◆ **PROVIDED ENTRIES**:
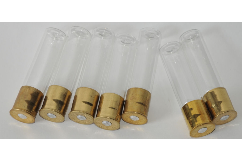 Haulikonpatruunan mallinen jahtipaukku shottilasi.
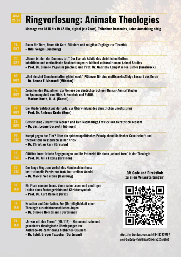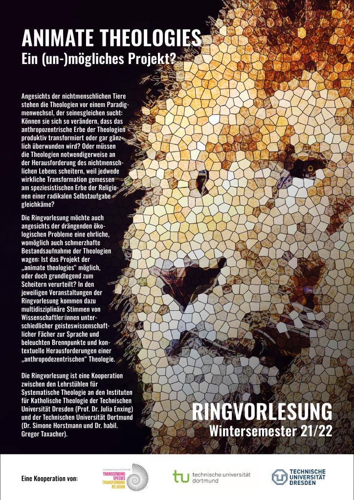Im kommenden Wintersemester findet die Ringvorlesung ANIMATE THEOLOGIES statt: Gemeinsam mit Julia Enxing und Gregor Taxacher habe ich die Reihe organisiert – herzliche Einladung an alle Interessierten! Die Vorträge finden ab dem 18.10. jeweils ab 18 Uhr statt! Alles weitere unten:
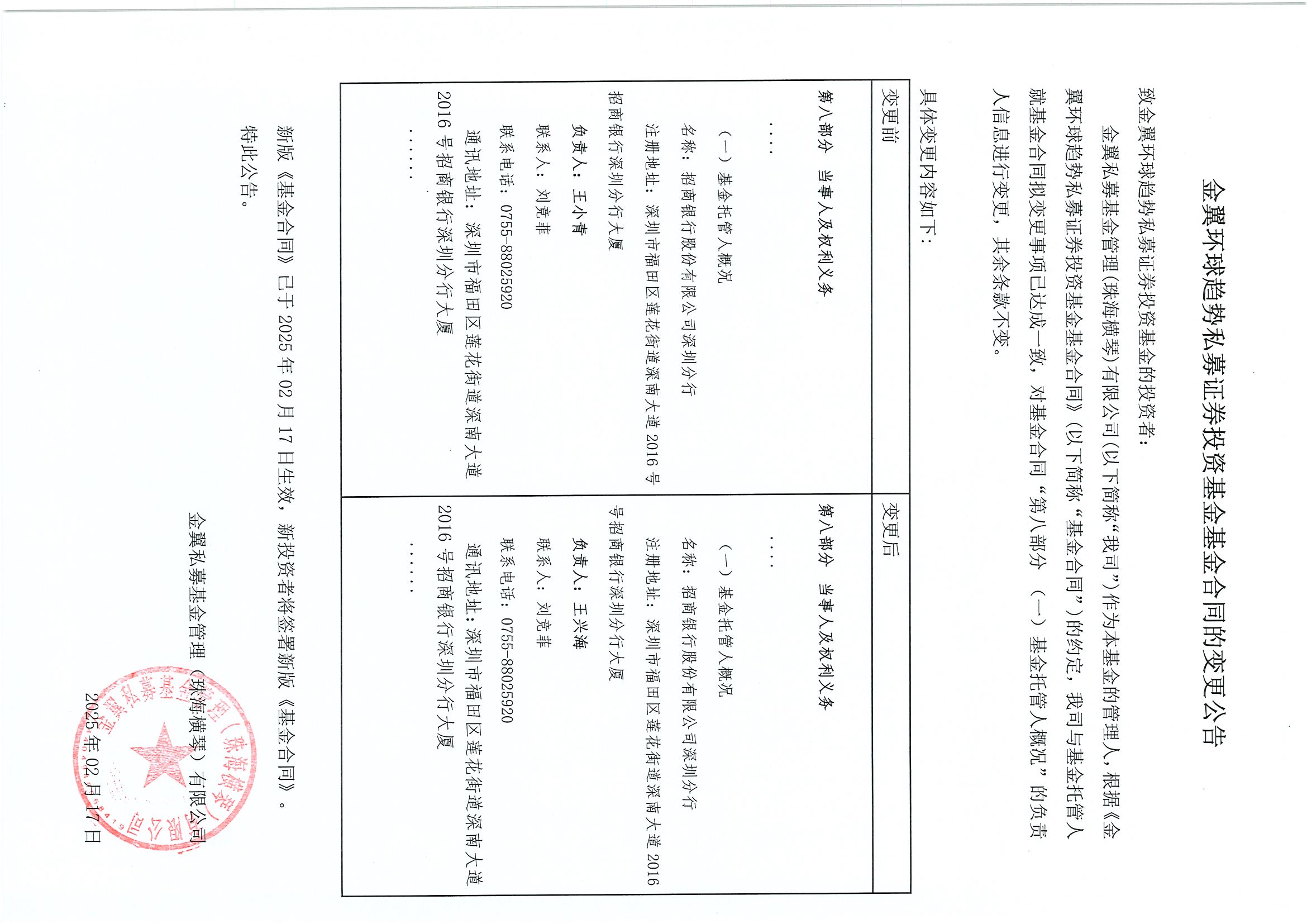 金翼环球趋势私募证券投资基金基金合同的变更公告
---
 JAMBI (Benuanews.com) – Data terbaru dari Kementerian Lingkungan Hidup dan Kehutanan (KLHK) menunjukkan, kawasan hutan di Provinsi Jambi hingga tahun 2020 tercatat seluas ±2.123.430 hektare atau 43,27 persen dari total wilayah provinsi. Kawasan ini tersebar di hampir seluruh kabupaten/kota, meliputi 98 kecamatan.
...
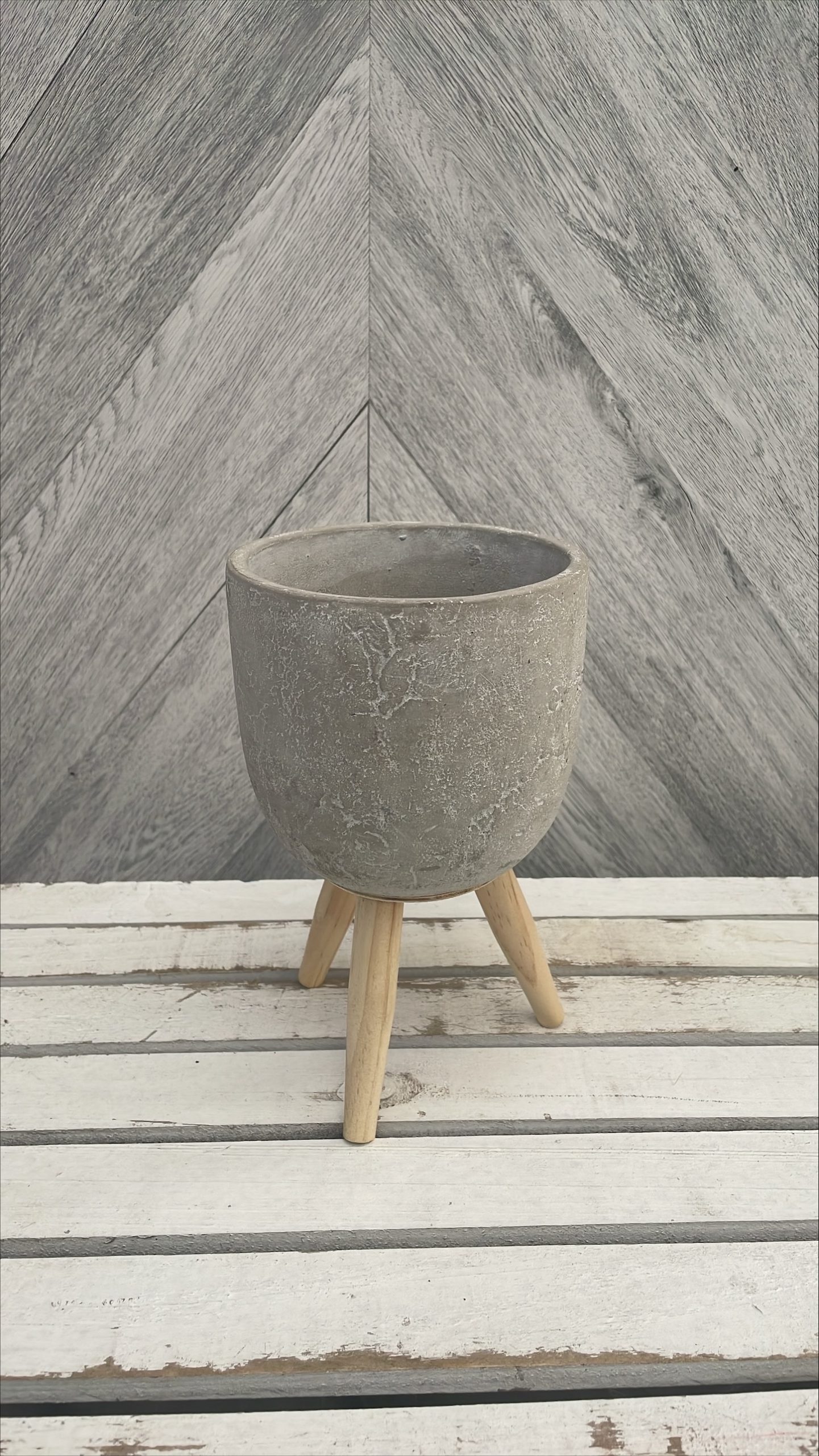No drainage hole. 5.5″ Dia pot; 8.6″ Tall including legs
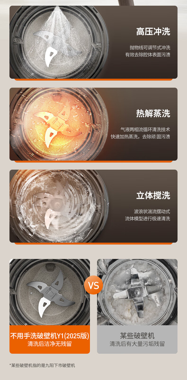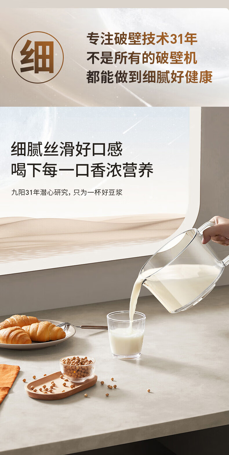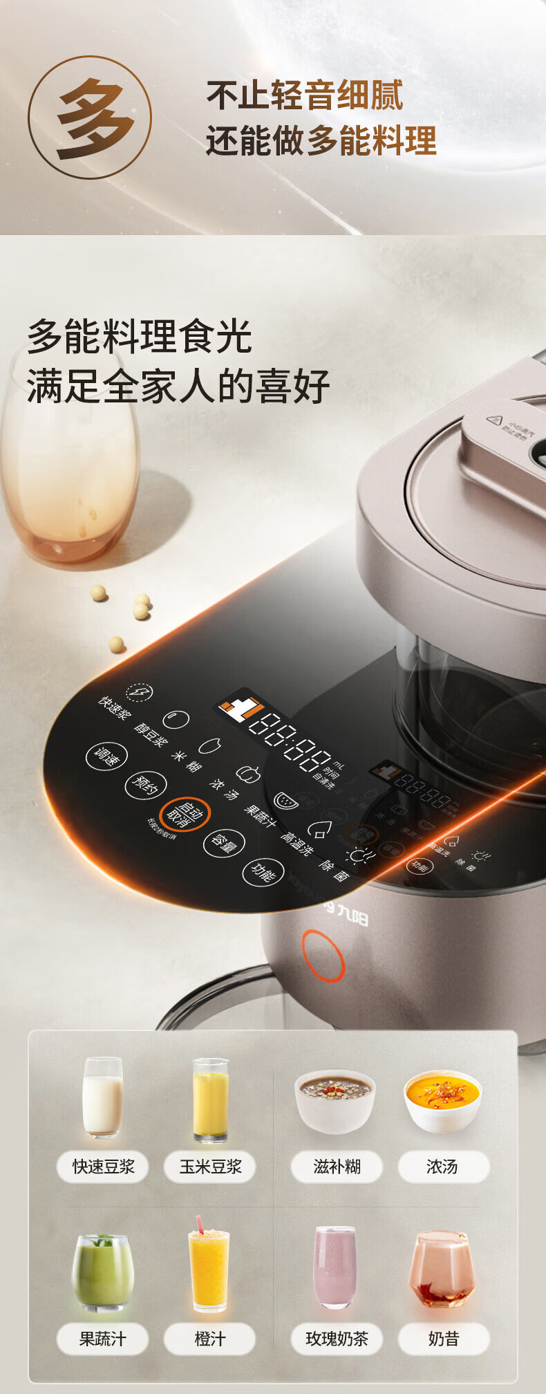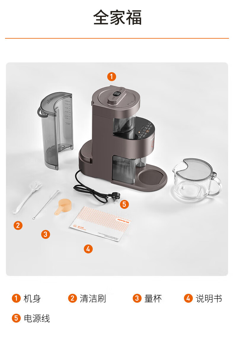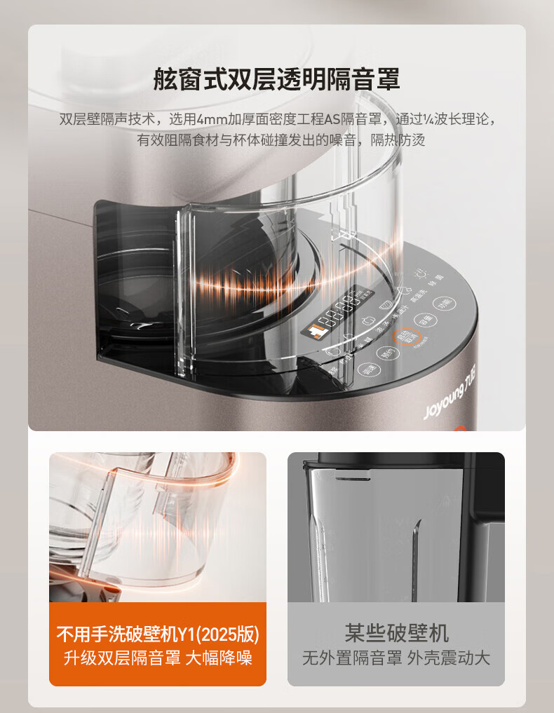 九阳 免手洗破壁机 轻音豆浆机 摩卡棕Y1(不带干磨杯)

◆ **WHAT TO DO**: The reply should hold the entries above from the line with "Haulikonpatruunan mallinen jahtipaukku" to the line with "金翼环球趋势私募证券投资基金基金合同的变更公告", duplicated exactly, pictures excluded.

◆ **WRITTEN SOLUTION**:
 Haulikonpatruunan mallinen jahtipaukku shottilasi.
Im kommenden Wintersemester findet die Ringvorlesung ANIMATE THEOLOGIES statt: Gemeinsam mit Julia Enxing und Gregor Taxacher habe ich die Reihe organisiert – herzliche Einladung an alle Interessierten! Die Vorträge finden ab dem 18.10. jeweils ab 18 Uhr statt! Alles weitere unten:
 金翼环球趋势私募证券投资基金基金合同的变更公告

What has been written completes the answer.